In preferred technical scheme: extract the effective keyword in corpus, and effective keyword is treated as abstract object; Theme number that article extracts, the intensity of theme distribution, article quote the intensity of distribution, can determine by customer need or by systemic presupposition. Assuming that the theme source of each word is random in every section of article, the theme distribution of certain section of article producing by the theme distribution of article itself or quoting by this article produces;

The probability model of text generation comprise it is assumed hereinafter that:

(1) in every section of article, multinomial distribution obeyed in the theme of each word, and Dirichlet distribution obeyed by its prior distribution.

(2) multinomial distribution obeyed in the different words under each theme, and Dirichlet distribution obeyed by its prior distribution.

(3) in every section of article, multinomial distribution is obeyed in the source of quoting of each word, and Dirichlet distribution obeyed by its prior distribution.

(4) in every section of article, the original of each word obeys binominal distribution, and Beta distribution obeyed by its prior distribution;

Wherein, assuming about probability model, the parameter of prior distribution is on average quoted article quantity determine by article mean length, theme number, article.
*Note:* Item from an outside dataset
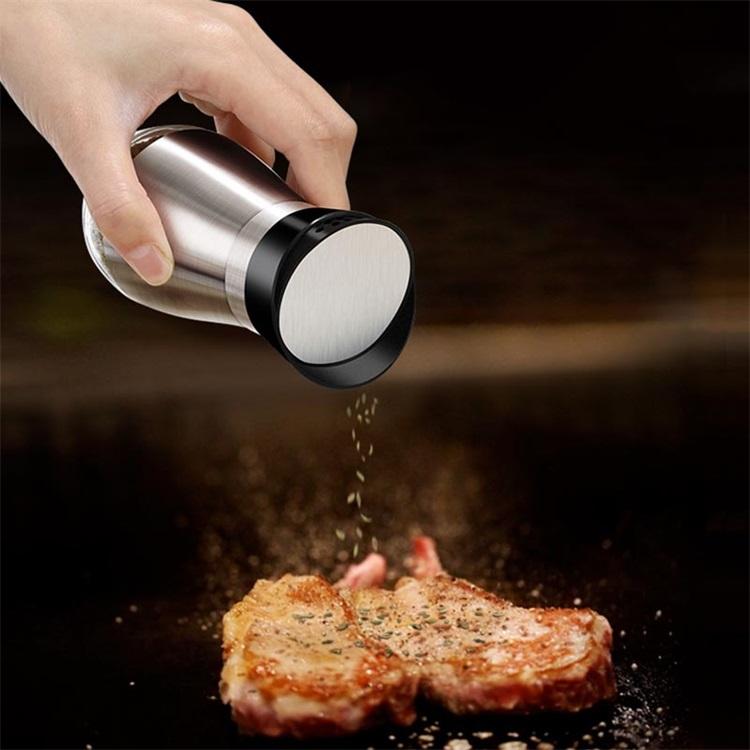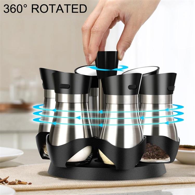 7 pièces/lot, pots à épices rotatifs, acier inoxydable, verre, boîtes à condiments, flacons à assaisonnement, récipients à sauce, sel, sucre, poudre

Compared with prior art, the present invention has following useful effect:

1, the present invention is based on above-mentioned problems of the prior art, thinks deeply article feature extraction method from a new visual angle, it is possible to improves the accuracy of article feature extraction and can extract the information that traditional characteristic extraction system is not considered from article.

2, the topic model that the present invention uses the Information expansion of citation network traditional, model is made can comprehensively to extract article feature by the information of two aspects, not only the situation that database data volume is bigger is suitable for, and the database of dynamic expansion can be suitable for, additionally it is possible to extract the information such as article adduction relationship intensity that conventional topic model can not extract, the original index of article.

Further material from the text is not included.